I've made very little money with my photography, I consider it as a hobby that occasionally pays for itself, and my day job allows me to buy pretty nice gear up to and including a new 1Ds. I say it's not on the radar because It doesn't register as a value compared to a 5D or 1D4 depending on what one likes to shoot.

Ken


----------



## macfly (May 29, 2011)

Stone, Canon needs to supply 'us' because if they didn't then we'd be using Nikon, Sony or maybe Leica. Canon wants the cache of being the pro choice even though we may not be the largest market segment. By our patronage we prove Canon is THE brand, the one that everyone else should desire.

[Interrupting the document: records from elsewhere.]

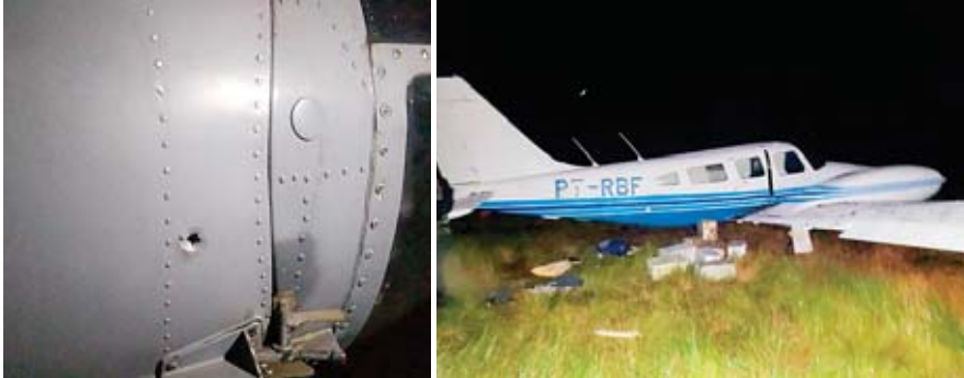
El tiroteo dejó daños en el helicóptero de la Fuerza Aérea Hondureña (FAH) con perforaciones en su fuselaje.

EN LA OPERACIÓN DETUVIERON A UNA PERSONA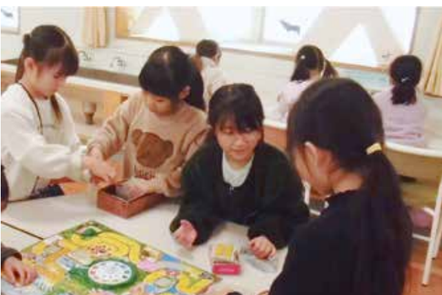
放課後子供教室の活動の様子

答 管理部長 現在子供たちの放課後の居場所として定着していることから、引き続き事業を継続したいと考えている。なお、将来的な事業展開に関しては、文部科学省の方針や他自治体の施策などを見極めながら、事業の実施内容の精査と充実に努めていく。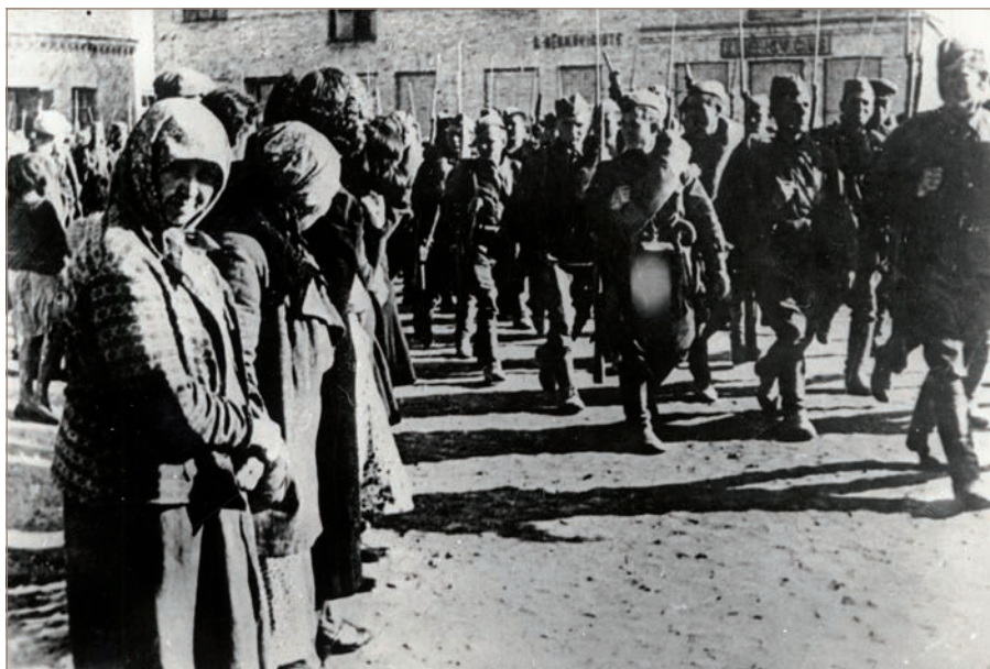
Les troupes de l'Armée rouge traversent la ville Eišiškės, le 15 juin 1940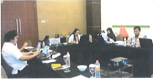
Suasana entri data berkas dokumen Karyasiswa di ruang rapat Hotel Agria Bogor, 20 Februari 2017

D alam rangka pengembangan basis data karyasiswa BPPT, maka telah dilaksanakan konsenyering karyasiswa pada Tanggal 20 s.d 22 Februari 2017 bertempat di Hotel Agria Bogor.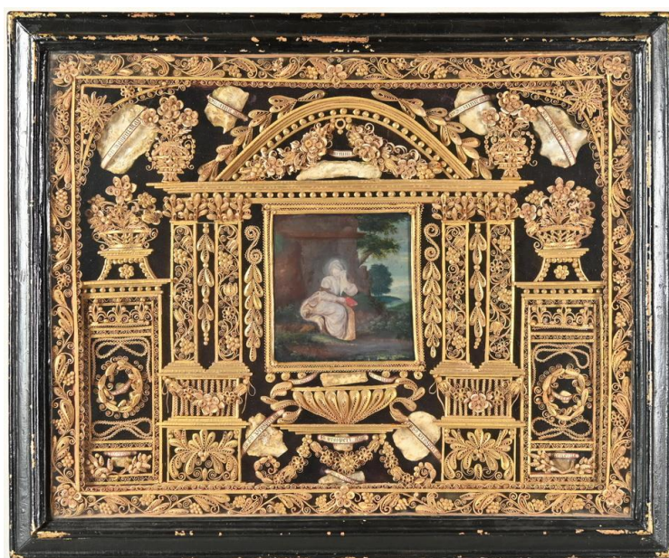
V. Paris, Retable d'église, 18 e siècle, M.V.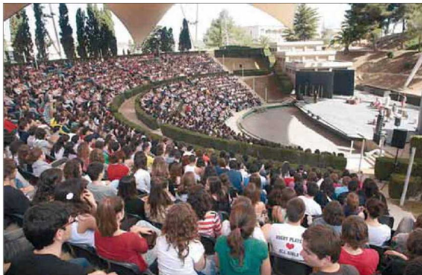
L'«Antígona» de Sòfocles dins del Festival de Teatre Grecollatí a Tarragona ■ J.C. LEÓN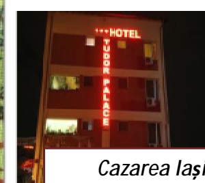
Cazarea Iași Hotel Tudor Palace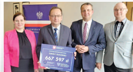
Wójt podpisał umowę na przebudowę ulicy Stawnej - str. 3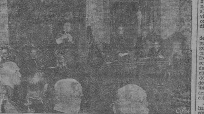
MADRID.—El Ministro de Justicia, durante su discurso en el acto de la solemne apertura de los Tribunals.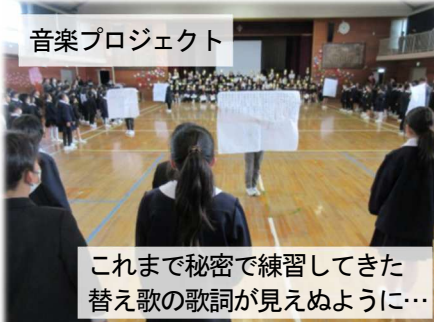
音楽プロジェクト

5年生からのお礼は、本校が委員会等でも実践してきたPBL (Project Based Learning) によるものでした。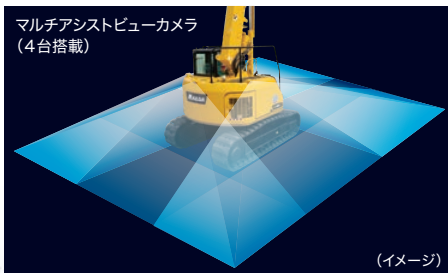
マルチアシストビューカメラ (4台搭載)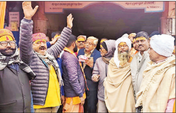
पदयात्रा में शामिल श्रद्धालु।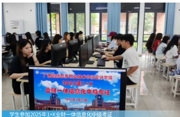
学生参加2025年1+X业财一体信息化中级考证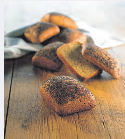
Lantmännen Reppe tillverkar bland annat gluten till bagerinäringen.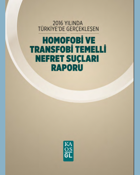
2016 Nefret Suçları Raporu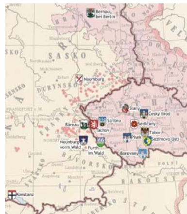
č. 279 Mapky Svazu Husitských měst

I can't tell you how many of my shoots these days have B-roll crews, filming me working for such and such magazine/product/advertiser website, so a lot of people get to see what is in my hands. Beyond that I seriously get asked 'What camera should I/my wife/son/daughter/granny get?' ten times a week, and I always say Canon. I think I alone have sold a thousand of thier cameras, and the same is likely true for every other pro. We are more than the icing on the cake, we are Canons proof of excellence. 

If Nikon bring out the D4 and it betters what Canon have on the market I'll switch in a heartbeat because I'll have to. I can't make excuses for my gear, I have to have the best equipment, and if I don't my clients will not remain clients for long. The onus is on Canon to stay ahead, and by leaving us out in the cold for much longer they risk loosing their pinnacle spot in the very important Pro FF SLR market.

How would you feel when you go to a game, an event or whatever, and all the pros are shooting Nikon because it is better? You'll start feeling your on the loosing team. Trust me. I know, that is what happened to me when the EOS came out back in 1991. I was all Nikon until the F4 dropped the ball, and Canon grabbed it and made a home run. It took about one year for every camera at the sports events, concerts, fashion shows, you name it, to go from Nikon to Canon. 

We have to have to best, because we can't let our competition have anything better, and trust me, you'll want what we're using, even if you think we don't matter.


----------



## macfly (May 29, 2011)

PS: Motorhead, I was the only photographer behind the scenes the year Team New Zealand won the Americas Cup in San Diego, so I know a little of boats and money! ;-)


----------



## jrahadi (May 29, 2011)

*Finally, Hope for $2000 Secondhand 1Ds3 - Re: 1Ds Mark IV & 3 Lenses in August?*

I really hope that 1Ds4 can be released on August 2011, so many pros will dumped their 1Ds3 at $2K range


----------



## Stone (May 29, 2011)

Stone said:


> macfly said:
> 
> 
> > Stone, Canon needs to supply 'us' because if they didn't then we'd be using Nikon, Sony or maybe Leica. Canon wants the cache of being the pro choice even though we may not be the largest market segment. By our patronage we prove Canon is THE brand, the one that everyone else should desire.
> ...


----------



## Cannon Man (May 29, 2011)

I agree with macfly and motorhead, the money isn't an issue for pro photographers.. we need the best camera available,
Even if i wasnt shooting full time i would still spend the same amount of money for a camera.

that's why there is a 5D Mark II, because it's more affortable. The 1Ds is a camera without compromises on size, weight, built guality.. those who want/need those features dont care how much money they have to whip out to get it.


----------



## Flake (May 29, 2011)

I'm not sure that's right. Currently many pro photographers have said why should I pay that much? The feature set isn't worth that much more and as for the shutter life I can afford 3 x 5D MkII for the price of a 1Ds.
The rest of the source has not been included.